The students have the regular curriculum as prescribed by the state. In addition they also learn practical life lessons. “We give our students regular instruction, and we also teach them basic things like how to shop for groceries, how to handle money, things they need to know to be functional in everyday living. We have trips to Walmart, to the Lutcher Theater. We go out to eat and teach them to read the menus and how to order. In addition we instruct them in proper manners. Our program is self supporting. The only thing the school district pays for is transportation. Our staff is dedicated and we have a wonderful group of students”, said Parker. “This year has been a great year, we went to the state flag football tournament in Waco at Baylor University and won the tournament. Our team played four games. They got to practice in the indoor facility that the Baylor football team uses. It was a great experience for our team.”
The team consisted of six players and five volunteer partners. Team coaches were LCM assistant principal Jason Yeaman, who was head coach, assisted by Michael Ridout, assistant principal at LC Intermediate, and science teacher Corey Parsons, serving as a chaperone as well as assistant coach.
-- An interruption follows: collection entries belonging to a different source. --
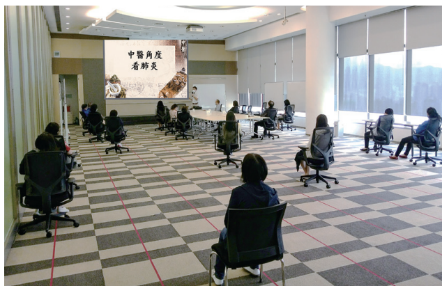
● 本集團為員工舉辦中醫講座，助員工由內到外預防肺炎
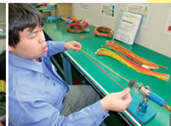
各種ハーネス作成
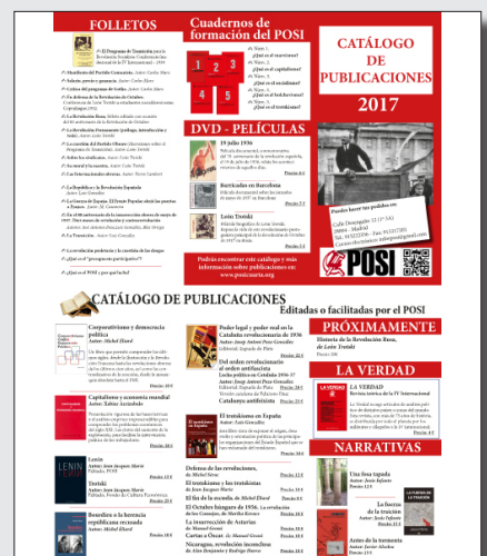
Catálogo de Publicaciones 2017

Consulta nuestro catálogo de publicaciones: http://posicuarta.org/cartashblog/wp-content/uploads/2017/07/Catalogo2017.pdf

“The same time we had the flag football games going we also had students who participated in a bowling tournament in Beaumont. We had three bowlers who brought home one gold and two silver medals. There is also a track team. It is a unified team that is made up of two students and two partners. We are part of the Life Force Team of Special Olympics”, said Parsons.
To raise the money the program needs the Life Skills unit solicits donations, but the bulk of the money is raised by the students themselves. The most recent project has been the sales of nearly 700 cheese logs. The logs were cheddar cheese and jalapeño cheese logs. The cheese logs are made and packaged by the students and sold by orders and direct sales. Deliveries were made by the students. “Every Friday we bake and sell cookies in the school cafeteria. Our entire student body supports the Life Skills class. Our cookies are made according to the standards required to be sold in the cafeteria and we always sell out”, said Parker.
Major strides have been made in the education of special needs students. The students of today are active in all school activities and the student body has accepted the students and includes them in student activities. “We have a great student body at LCM. The regular students accept and make friends with our special needs kids and often a regular student will come by our class rooms when they have free time and offer to help, or they will just come by to say hello to their friends in our program. Sometimes it takes a lot of patience, but this is a very rewarding program. We are working hard to erase the “R” word. “R” meaning “retarded”, said Parker. “We have students who have jobs in the community. One works as a busboy at Casa Ole, another at Pizza Hut assembling the pizza boxes and filling the salt shakers. There are some that work at North Orange and Little Cypress Baptist Churches and some that work here in the school cafeteria. There is nothing they are not capable of doing when they are given a chance.”